Répondons généreusement à ce commandement de Dieu, en répartissant le fruit de notre travail, en partageant avec les autres les expériences acquises en nous faisant partout promoteurs de développement agricole et en défendant le droit au travail des populations rurales parce que tout le monde à droit à un emploi utile.

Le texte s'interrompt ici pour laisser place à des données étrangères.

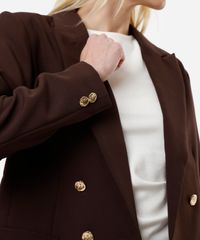 • Fechamento frontal transpassado com duplo abotoamento e botões dourados que adicionam um toque de sofisticação.

3. Les agriculteurs pourvoient au pain pour l'humanité tout entière, mais c'est Jésus seul qui est le pain de vie. Lui seul peut satisfaire la faim la plus profonde du monde. Comme le disait saint Augustin : "Nos cœurs sont sans repos jusqu'à ce qu'ils reposent en Toi" (Confess. 1). Tandis que nous nous rappelons la faim physique de millions de nos frères et sœurs de tous les continents, en cette célébration eucharistique, nous pensons que la faim la plus profonde se trouve dans l'âme humaine. A tous ceux qui connaissent cette faim intérieure Jésus dit : "Venez à moi vous tous qui êtes fatigués et ployez sous le fardeau et je vous restaurerai". Mes frères et sœurs dans le Christ : écoutons ces mots du plus profond de notre cœur. Ils s'adressent à chacun de nous. À tous ceux qui travaillent la terre, à tous ceux qui récoltent le fruit de leur travail, à chaque homme et femme de la terre, Jésus dit : "Venez à moi... et je vous restaurerai. Même si toute la faim physique du monde était apaisée, même si tous ceux qui ont faim étaient rassasiés grâce à leur propre travail ou par la générosité des autres, même alors la faim la plus profonde de l'homme existerait encore.

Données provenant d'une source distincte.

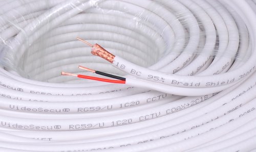 -. Binding : Electronics -. Brand : VideoSecu -. Color : White -. EAN : 0811535011146 -. Feature : RG-59/U Type coax plus one pair 18 AWG stranded power cable. Siamese type configuration with separation web / Video Cable: 20AWG Solid Bare Copper Center Conductor, 95% Braid Shield / Power Cable: 2 x 18AWG (7 Strand) Bare Copper Conductor 300 feet in white color / Professional Siamese Coax Cable for CCTV Surveillance Camera and Security System / White PVC Jacket. Accepting Twist-on BNC Connectors or any other Standard RG-59 Coax Connectors and Power Pigtails -. Label : VideoSecu -. Manufacturer : VideoSecu -. Model : CBS300W -. MPN : CBS300W -. PackageQuantity : 1 -. PartNumber : CBS300W -. ProductGroup : Photography -. ProductTypeName : SURVEILANCE_SYSTEMS -. Publisher : VideoSecu -. SKU : NAS-B001JKI7H8 -. Studio : VideoSecu -. Title : VideoSecu RG59 /U Siamese CCTV Combo Coaxial Cable 300ft ,20AWG 18/2 18AWG Video Power Security Camera Cable Home Surveillance DVR System Extension Wire Cord AA1 -. UPC : 811535011146

Nous nous souvenons de la lettre de saint Paul aux Galates : "Tout ce qui importe, c'est d'être une créature nouvelle : "Seul le Christ peut créer à nouveau et cette nouvelle création trouve son commencement uniquement dans la Croix et la Résurrection. Dans le Christ seul toute création est rétablie dans son ordre propre. C'est pourquoi je vous le dis : Venez tous au Christ. Il est le pain de vie. Venez au Christ et vous n'aurez plus jamais faim".

Apportez au Christ le produit de vos mains, le fruit de vos champs, ce que "la terre a donné et les mains humaines produit". Sur cet autel ces dons seront transformés dans l'Eucharistie du Seigneur.

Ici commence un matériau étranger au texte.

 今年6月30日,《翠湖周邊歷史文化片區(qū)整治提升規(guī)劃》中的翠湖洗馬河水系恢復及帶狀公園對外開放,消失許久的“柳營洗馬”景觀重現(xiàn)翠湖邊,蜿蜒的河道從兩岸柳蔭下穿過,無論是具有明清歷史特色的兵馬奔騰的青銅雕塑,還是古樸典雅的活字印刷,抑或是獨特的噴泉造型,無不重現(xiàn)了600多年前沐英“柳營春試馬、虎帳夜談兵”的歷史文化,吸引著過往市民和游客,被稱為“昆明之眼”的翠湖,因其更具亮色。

Apportez avec vous vos efforts pour rendre ces champs fertiles, votre travail et vos peines. À cet autel, grâce à la vie, à la mort et à la Résurrection du Christ toute activité humaine est sanctifiée, sublimée et accomplie.

Amenez avec vous les pauvres, les malades, les marginaux, les affamés ; ceux qui sont harassés et ploient sous le fardeau. À cet autel, ils seront rafraîchis, le joug leur semblera aisé et le fardeau léger.

Et surtout amenez vos familles et consacrez-les de nouveau au Christ afin qu'elles continuent à former une communauté qui travaille, vit et aime, où la nature est respectée, où les fardeaux sont partagés et où le Seigneur est loué avec reconnaissance.